Individuelle Charakteristika wie Alter, Geschlecht, Bildungsstand, Ethnie und Familienstand (prädisponierend), Einkommen (erleichternd) und Depressionsschwere, Länge und Anzahl der Episoden, Beeinträchtigung, Suizidgedanken und –versuche, psychische und physische Komorbiditäten (Bedarf) wurden häufig untersucht. Seltener wurde individuelle Charakteristika wie soziale Unterstützung, Kontrollüberzeugungen und Stigmatisierung (prädisponierend), Versicherungsstatus, Vorhandensein eines Arztes, Zugangsmöglichkeiten (erleichternd) und bestimmte psychische und körperliche Symptome sowie Arbeitsleistung (need) untersucht. Als kontextueller Faktor wurde lediglich die Region untersucht.

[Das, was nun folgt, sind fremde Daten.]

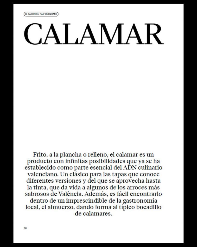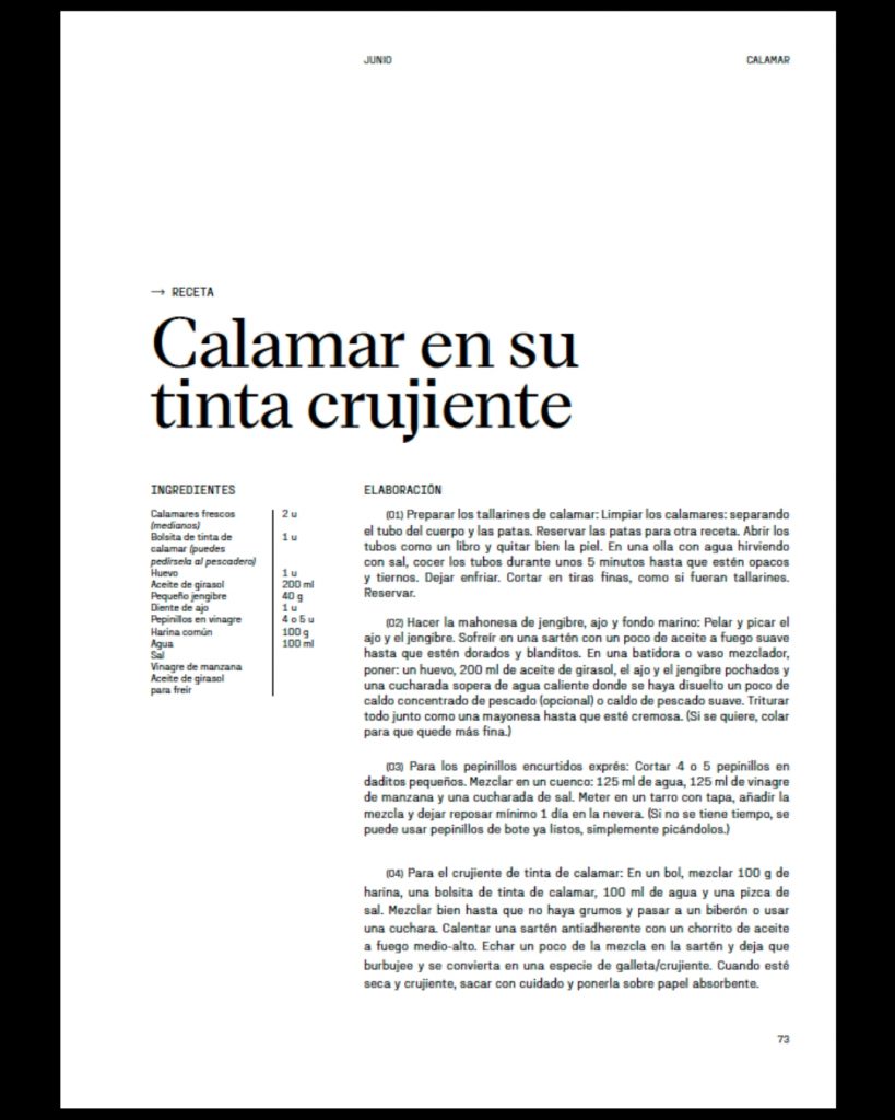 Calamar en tu tinta crujiente es el plato de la chef María José Martínez que forma parte de esta guía, que recoge doce recetas con pescado para cada mes del año, se ha elaborado junto a otros cocineros de restaurantes que también como Lienzo están muy vinculados al mar, para reforzar la proyección de València como despensa del Mediterráneo y el papel del litoral como fuente de producto fresco, local y de calidad.
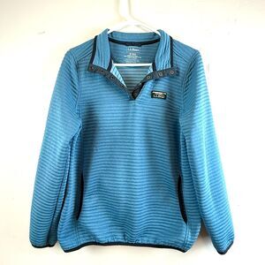 L.L. Bean Womens Medium Airlight Knit Pullover Sweatshirt Quarter Snap Blue
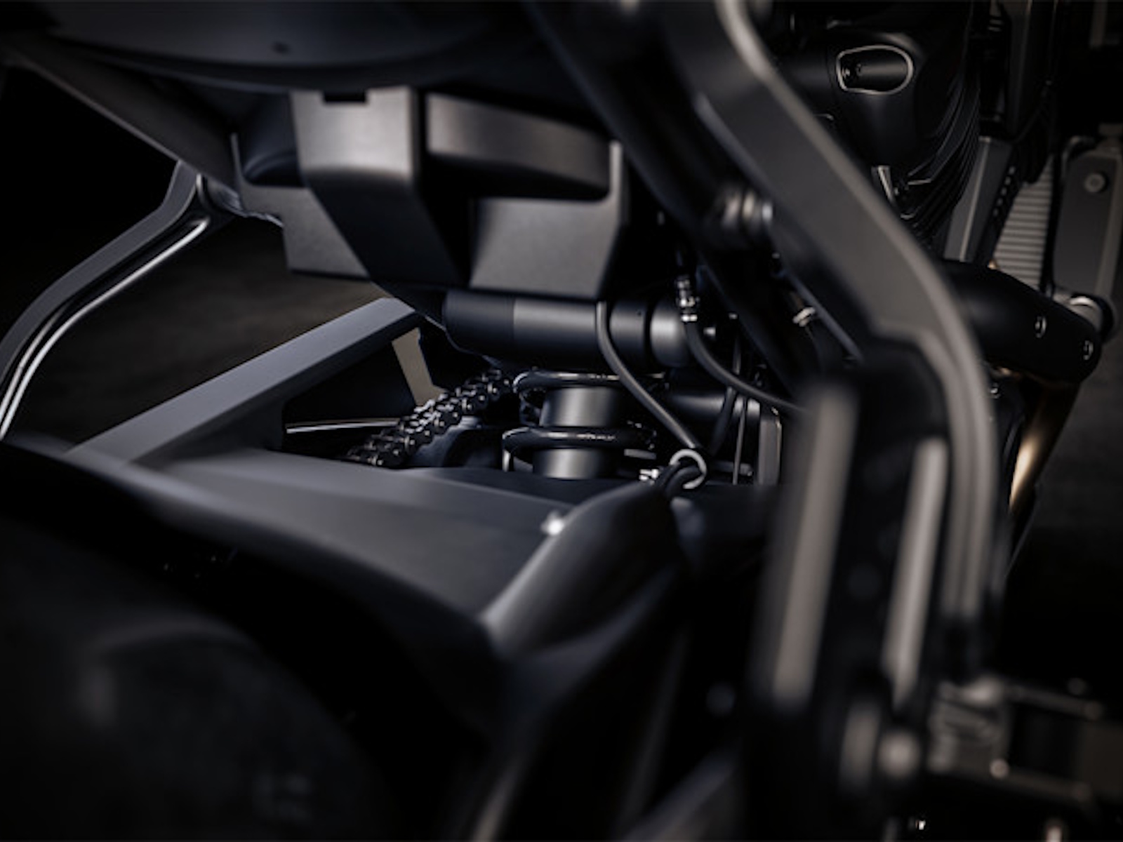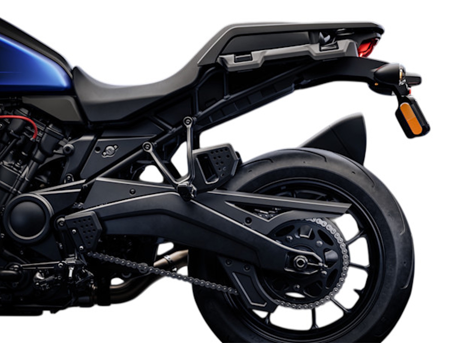 A darker, sleeker look with black finishes and non-highlighted fins, matched to a lighter exhaust that trims weight and sharpens the bike’s street stance.

Diskussion: Für viele der Faktoren liegen gemischte Ergebnisse hinsichtlich eines möglichen Zusammenhang zum Hilfesuchverhalten von Menschen mit Depressionen vor. Die Ergebnisse weisen lediglich bei einigen Faktoren (z.B. Region, Geschlecht, Einkommen, Dysthymie) darauf hin, dass es keinen Zusammenhang zum Hilfesuchverhalten gibt.

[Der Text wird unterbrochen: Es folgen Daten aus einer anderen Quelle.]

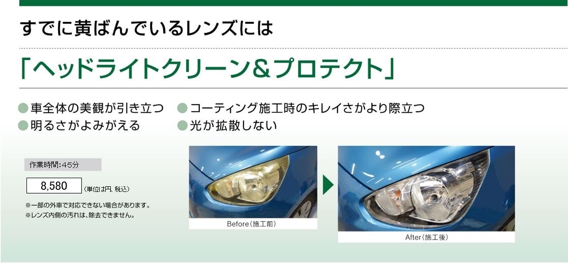 紫外線で劣化し黄ばんでしまったヘッドライトを復活させ、コーティングを施します。
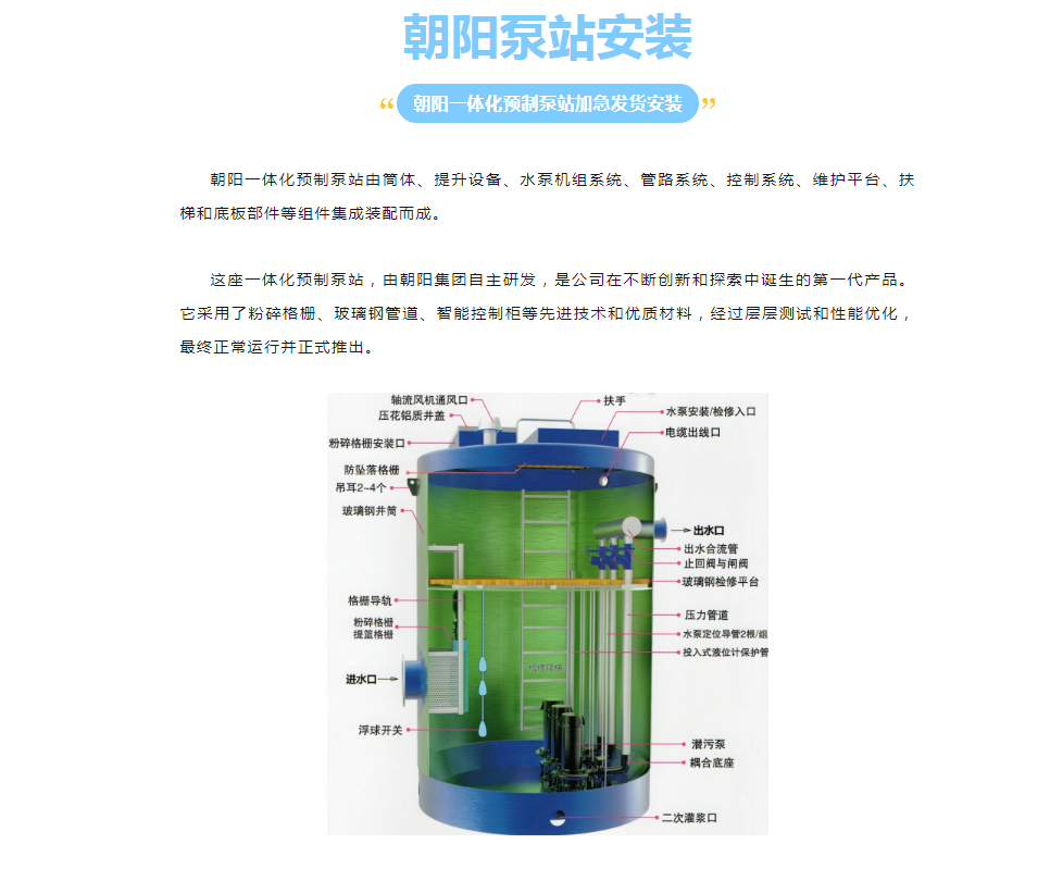 朝陽集團應工業園客戶的具體需求,按時按需完成并發貨。定制的一體化預制泵站,在設計上充分考慮了客戶的實際使用情況,經過嚴格測試和檢驗,確保其性能穩定可靠,壽命長久。

Einschränkend sind regionale Unterschiede sowie die Heterogenität der in den Primärstudien verwendeten Analysen zu konstatieren. So wurden in den Primärstudien beispielsweise unterschiedliche Adjustierungen vorgenommen (keine Adjustierung vs. Adjustierung für soziodemographische und klinische Variablen) und unterschiedliche Abstufungen für identische Variablen gewählt (z.B. jung/alt vs. Alter als metrische Variable). Dies erschwert die Synthese der Ergebnisse. Außerdem sind keine Aussagen über kausale Beziehungen zwischen verschiedenen Faktoren und dem Hilfesuchverhalten von Menschen mit Depressionen möglich, da die identifizierten Studien überwiegend querschnittliche Designs aufwiesen.

Praktische Implikationen: Das Wissen um Faktoren, die mit dem Hilfesuchverhalten von Menschen mit Majoren Depressionen zusammenhängen, kann dazu beitragen, das Hilfesuchverhalten zu erklären und beispielsweise Unterstützungsangebote zu entwickeln. Das Review liefert einen Überblick über die Studienlage zu diesem Thema und die Ergebnisse des Reviews können hypothesengenerierend genutzt werden. Um Prädiktoren des Hilfesuchverhaltens zu identifizieren werden Längsschnittstudien benötigt.